When were the cookies cut? Is the wood still green or high moisture content?


----------



## Davevand (Feb 10, 2016)

It will depend on the rounds. Are they checked or have cracks in them? If so I don't think scrolling them will work very well. The rounds will also need to be dry, if not they will crack after you saw them and they dry out.


----------



## MrUnix (May 18, 2012)

You will be fine. Here is one such example I've done - a red oak potpourri box. The box was turned on the lathe, with the lid having the center reduced similar to what you describe. Then the top was cut out on the scroll saw. I didn't leave the live edge, but you can see how the sapwood 'frames' the piece before it turns into heartwood (more at outside the box scroll saw projects):










As Dave mentions, you probably want to make sure the wood is dry and repair any cracks before cutting - as otherwise it might be difficult to get to them. You can see a couple of very small cracks in the above photo that I filled with (black) epoxy before being turned/cut.

Cheers,
Brad


----------



## Ken74 (1 mo ago)

The wood has been kiln dried. I sanded both sides on drum sander so they are smooth, parallel and any flaws are more visible. There doesn't appear to be any cracks in heartwood. The sapwood is free of any cracks so it should hold together for the frame. I shellacked sapwood to bark seam then epoxy this entire seam. Any cracks that show up after milling the center out hopefully will be removed during scroll sawing. Thanks for the pictures Brad. That is similar to what I plan to do on this end grain cookie except I don't know what my design will be yet.


----------



## DanKrager (Apr 13, 2012)

I'm really surprised a walnut cookie survived drying without cracking. It does happen though and you are fortunate. If your scroll sawing will remove material relatively uniformly distributed then I don't foresee any issues. In fact, removing material from the center can significantly reduce tension that causes splits, depending upon the pattern. A relatively coarse blade may work better because the grain orientation will produce a stringy waste instead of short grain dust. You've made it this far, so far so good! 
Merry Christmas!
DanK


----------



## blaughn (Jul 23, 2016)

I do a lot of scrolling. The biggest concern I would have is the drop-outs. End grain is far weaker than cross grain material.
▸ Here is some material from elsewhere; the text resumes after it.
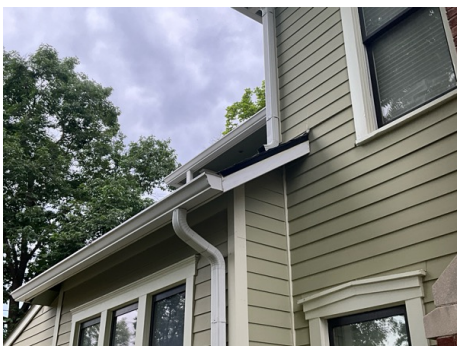
East Side of Home
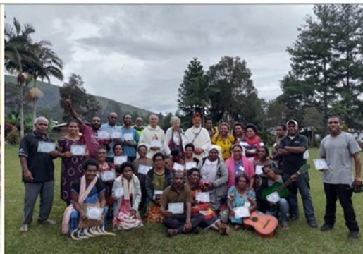
“Moses - Beyond the Desert” course

I would suggest you seek advice at Scrollsawvillage.com Folks there are scroll saw fanatics and you will certainly find several who can answer your questions first hand.


----------



## GrumpyGolfGuy (Apr 29, 2020)

I scroll end grain all the time. The thin parts will have a tendency to curl on your you may need to alter the plan slightly otherwise you should be fine.

Chris


----------